MapReduce and Massively Parallel Processing (MPP): Two Sides of the Big Data
Andrew Brust for ZDNet:
But, for a variety of reasons, MPP and MapReduce are used in rather different scenarios. You will find MPP employed in high-end data warehousing appliances. […] MPP gets used on expensive, specialized hardware tuned for CPU, storage and network performance. MapReduce and Hadoop find themselves deployed to clusters of commodity servers that in turn use commodity disks. The commodity nature of typical Hadoop hardware (and the free nature of Hadoop software) means that clusters can grow as data volumes do, whereas MPP products are bound by the cost of, and finite hardware in, the appliance and the relative high cost of the software. […] MPP and MapReduce are separated by more than just hardware. MapReduce’s native control mechanism is Java code (to implement the Map and Reduce logic), whereas MPP products are queried with SQL (Structured Query Language). […] Nonetheless, Hadoop is natively controlled through imperative code while MPP appliances are queried though declarative query. In a great many cases, SQL is easier and more productive than is writing MapReduce jobs, and database professionals with the SQL skill set are more plentiful and less costly than Hadoop specialists.
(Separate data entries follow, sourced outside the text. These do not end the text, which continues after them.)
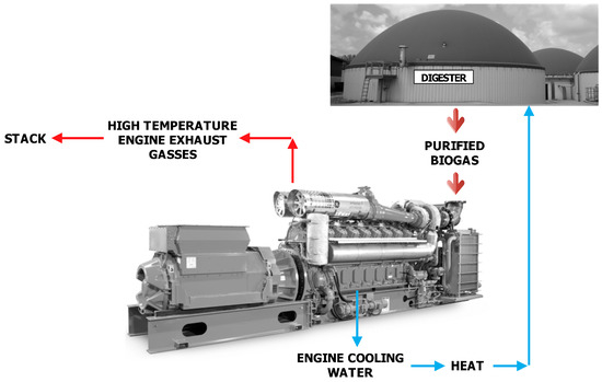 In Italy, the most widespread technology is the spark-ignition engines with a rated power of 1 MWel in which the filtered biogas is burned to produce work. The heat recovered from the engine cooling water is used to maintain the digester required temperature, while the exhaust gases are directly released into the environment with a remarkable waste of heat. A simplified scheme of a biogas plant is depicted in Figure 1.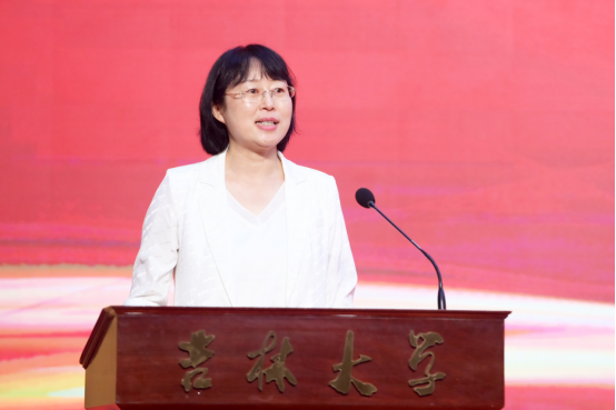 教师代表年桂君老师向全体毕业生致以美好的祝愿。她鼓励同学们勇敢面对生活中的挑战,保持兴趣和热情,以坚韧不拔的精神追求自己的梦想。同时,她也希望同学们能够始终保持感恩之心,回报社会、回报母校。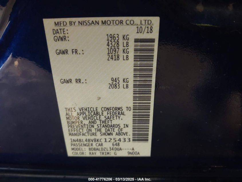 Color BlueCylinders 4Drive Front wheel driveVIN 1N4BL4BV8KC******State Run & Drive VerifiedDamage Back AutoRIA

I totally agree with Andrew Brust that none of these are good reasons for these platforms to remain separate. Actually when analyzing the importance of the Teradata (MPP) and Hortonworks (Hadoop) partnership, I wrote:
Depending on the level of integration the two team will pull together, this partnership might result in one of the most complete and powerful structured and unstructured data warehouse and analytics platform.
This very same thing could be said about any platform that would offer a viable, fully integrated, cost effective, distributed, structured and unstructured data warehouse or analytics platform. MPP and MapReduce do not represent different sides of the Big Data, but rather complementary approaches for Big Data.
Original title and link: MapReduce and Massively Paralle Processing (MPP): Two Sides of the Big Data (©myNoSQL)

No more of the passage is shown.